* [Requirement] Repeat these records exactly, pictures excluded.
━━━━━ Records for this exercise ━━━━━
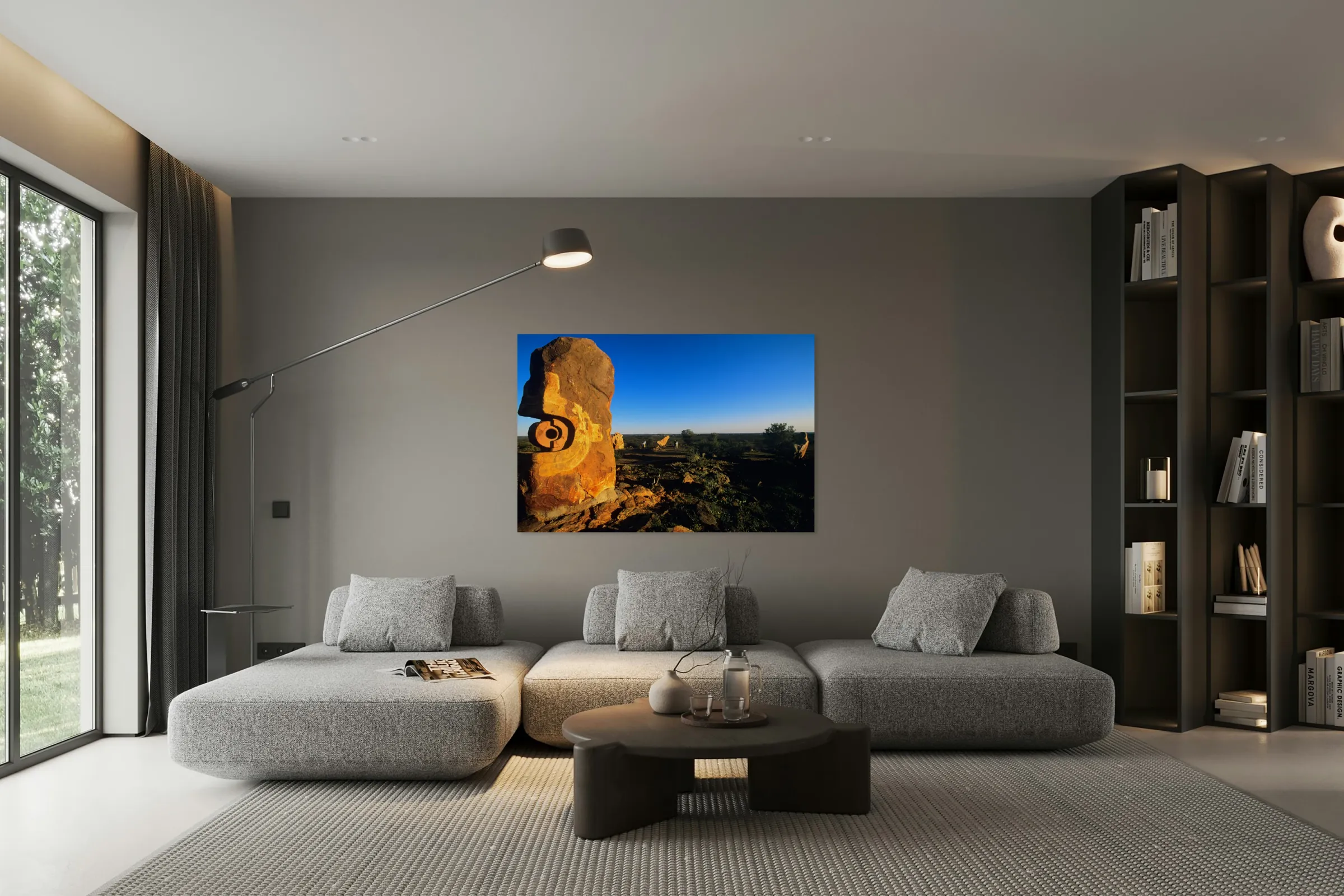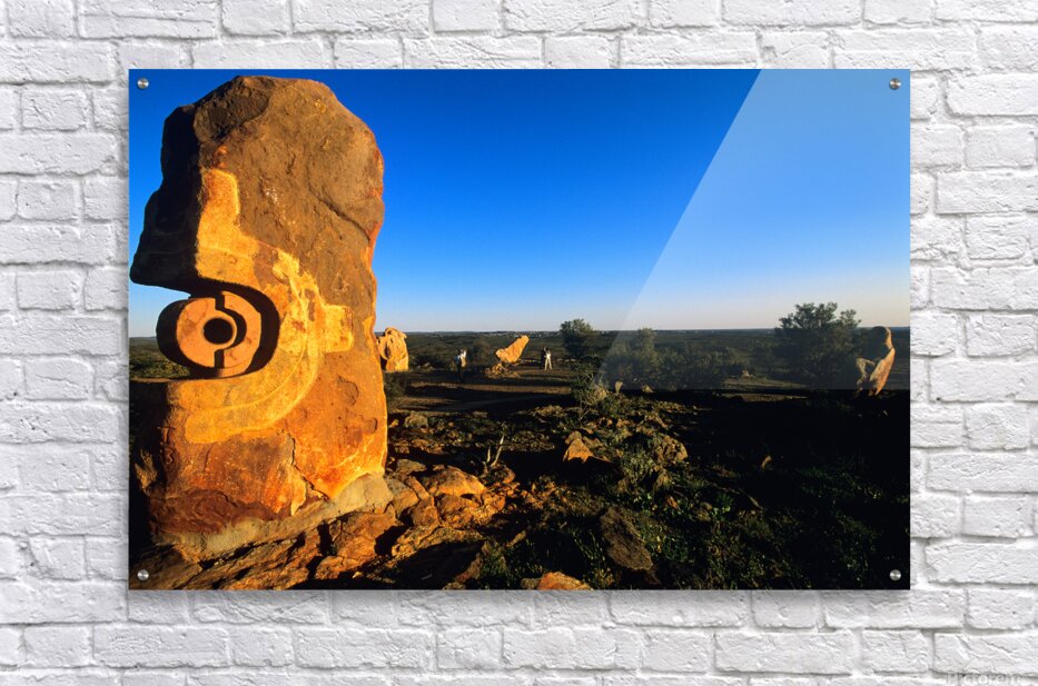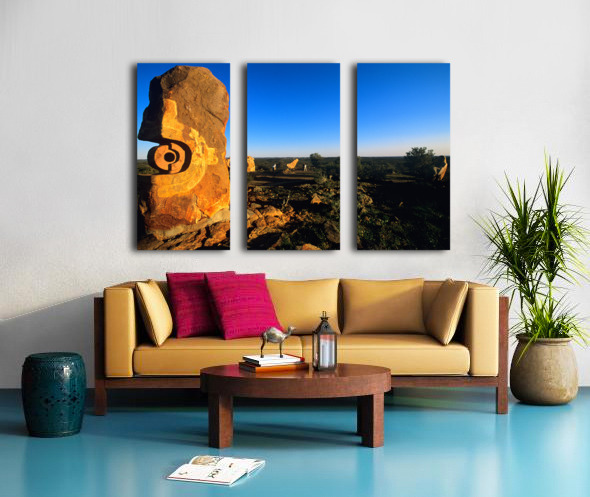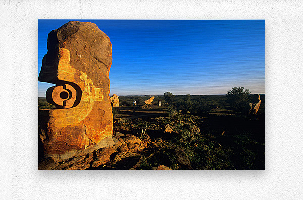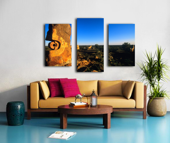 ABOUT THIS ARTWORK: SANDSTONE SCULPTURES GLOW AT SUNSET IN THE AUSTRALIAN OUTBACK.
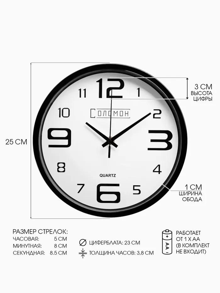 Часы настенные "Соломон" станут настоящим украшением и дополнением вашего интерьера. Модель можно разместить дома в гостиной, спальне, кухне или в офисе. Интересный дизайн и использованная цветовая гамма изделия придадут любому помещению нотки уюта и гармонии. Стильные необычные часы удачно оформят любой интерьер от современного до детского.
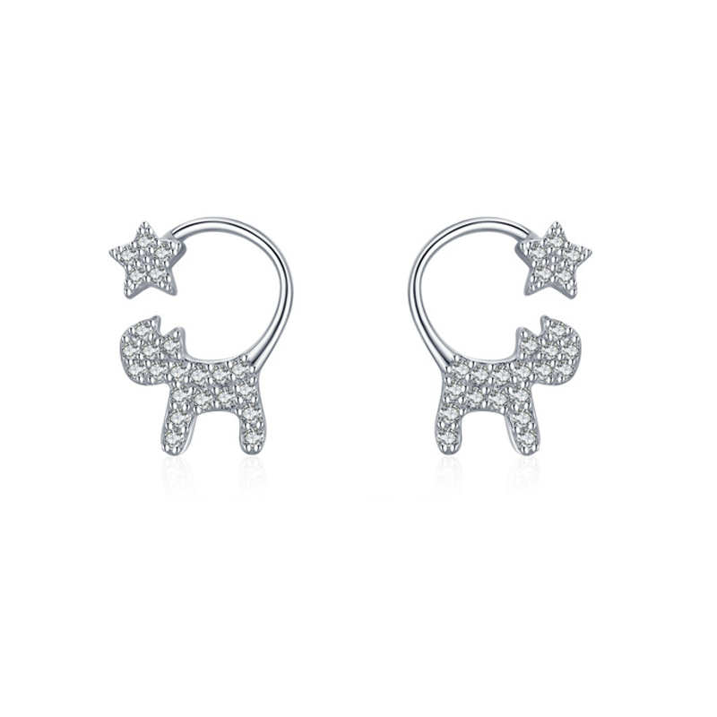 These wholesale 925 sterling silver cat and star earrings feature a delightful design with micro-pavé zircon details, combining playful charm and elegant sparkle. Made from premium sterling silver, they are hypoallergenic and ideal for animal jewelry collections. Perfect for retailers seeking cute, fashionable earrings that appeal to cat enthusiasts and lovers of whimsical jewelry.
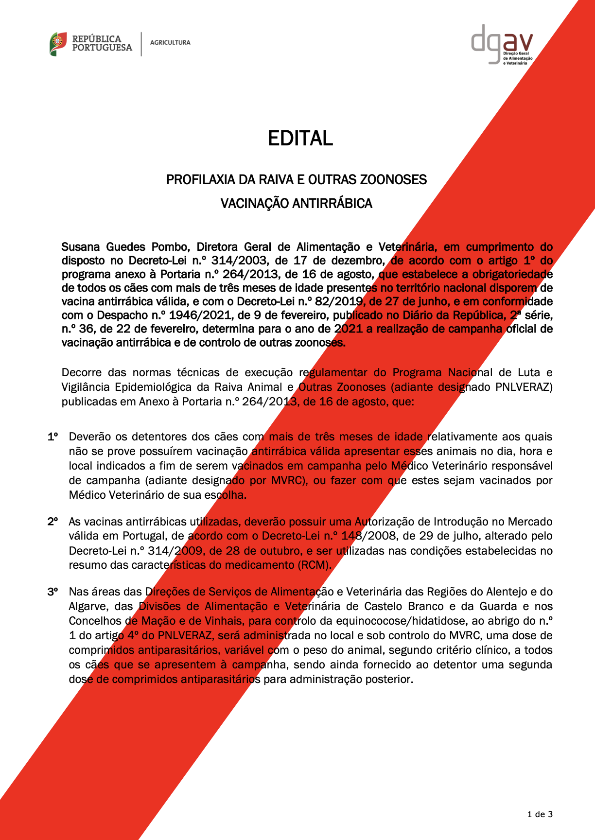Edital - Campanha de Vacinação Antirrábica e Identificação Eletrónica 2021
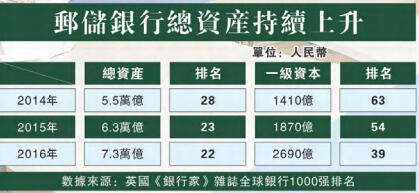 在英國《銀行家》雜誌「2016年全球銀行1000強排名」評選中,中國郵政儲蓄銀行按總資產排名位居第22位、按一級資本排名位居第39位。
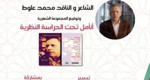 جامعة المبدعين المغاربة تحتفي بالشاعر والناقد محمد علوط في أمسية ثقافية مميزة احتضنت جامعة المبدعين المغاربة بالتعاون مع المكتبة الوسائطية لمؤسسة مسجد الحسن الثاني، يوم السبت 17 مايو، أمسية ثقافية رفيعة المستوى للاحتفاء بالشاعر والناقد المغربي محمد علوط. اللقاء الذي جاء تحت عنوان “أنامل تحت الحراسة النظرية” وبالتزامن مع …
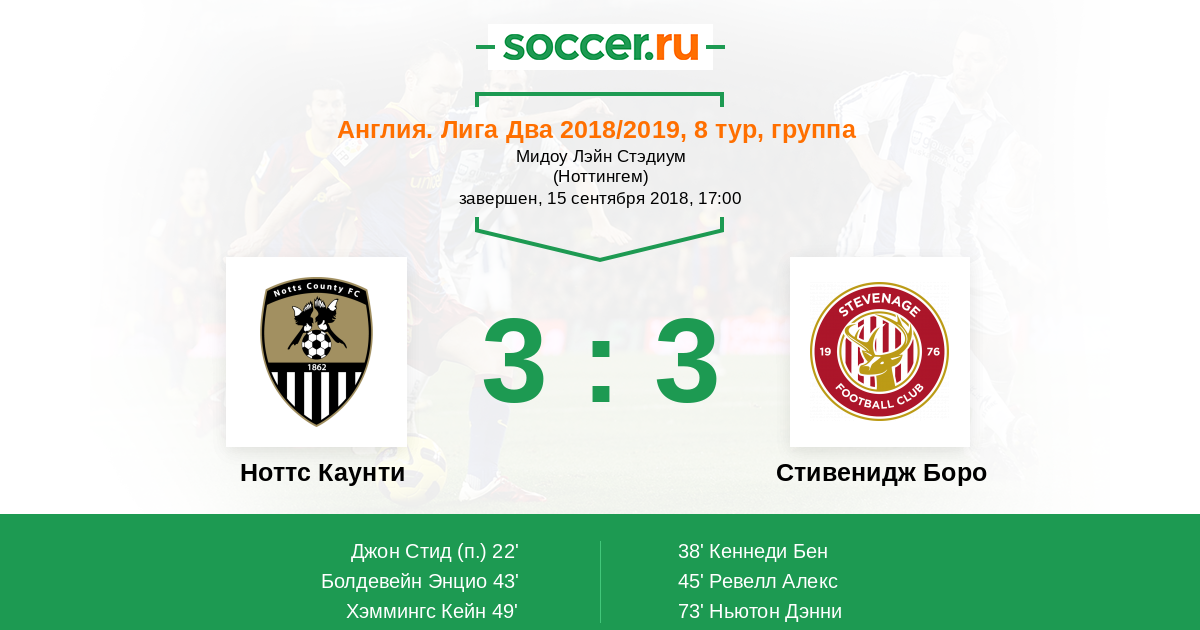 Ноттс Каунти - Стивенидж Боро: обзор матча 15 сентября 2018
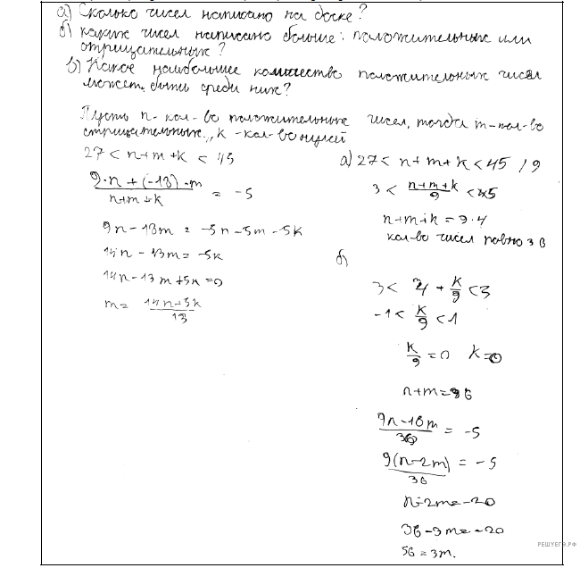 в) (пример) Приведём пример, когда положительных чисел ровно 16. Пусть на доске 16 раз написано число 9, 18 раз написано число −18 и два раза написан 0.
━━━━━
* [Task result]
 ABOUT THIS ARTWORK: SANDSTONE SCULPTURES GLOW AT SUNSET IN THE AUSTRALIAN OUTBACK.
 Часы настенные "Соломон" станут настоящим украшением и дополнением вашего интерьера. Модель можно разместить дома в гостиной, спальне, кухне или в офисе. Интересный дизайн и использованная цветовая гамма изделия придадут любому помещению нотки уюта и гармонии. Стильные необычные часы удачно оформят любой интерьер от современного до детского.
 These wholesale 925 sterling silver cat and star earrings feature a delightful design with micro-pavé zircon details, combining playful charm and elegant sparkle. Made from premium sterling silver, they are hypoallergenic and ideal for animal jewelry collections. Perfect for retailers seeking cute, fashionable earrings that appeal to cat enthusiasts and lovers of whimsical jewelry.
Edital - Campanha de Vacinação Antirrábica e Identificação Eletrónica 2021
 在英國《銀行家》雜誌「2016年全球銀行1000強排名」評選中,中國郵政儲蓄銀行按總資產排名位居第22位、按一級資本排名位居第39位。
 جامعة المبدعين المغاربة تحتفي بالشاعر والناقد محمد علوط في أمسية ثقافية مميزة احتضنت جامعة المبدعين المغاربة بالتعاون مع المكتبة الوسائطية لمؤسسة مسجد الحسن الثاني، يوم السبت 17 مايو، أمسية ثقافية رفيعة المستوى للاحتفاء بالشاعر والناقد المغربي محمد علوط. اللقاء الذي جاء تحت عنوان “أنامل تحت الحراسة النظرية” وبالتزامن مع …
 Ноттс Каунти - Стивенидж Боро: обзор матча 15 сентября 2018
 в) (пример) Приведём пример, когда положительных чисел ровно 16. Пусть на доске 16 раз написано число 9, 18 раз написано число −18 и два раза написан 0.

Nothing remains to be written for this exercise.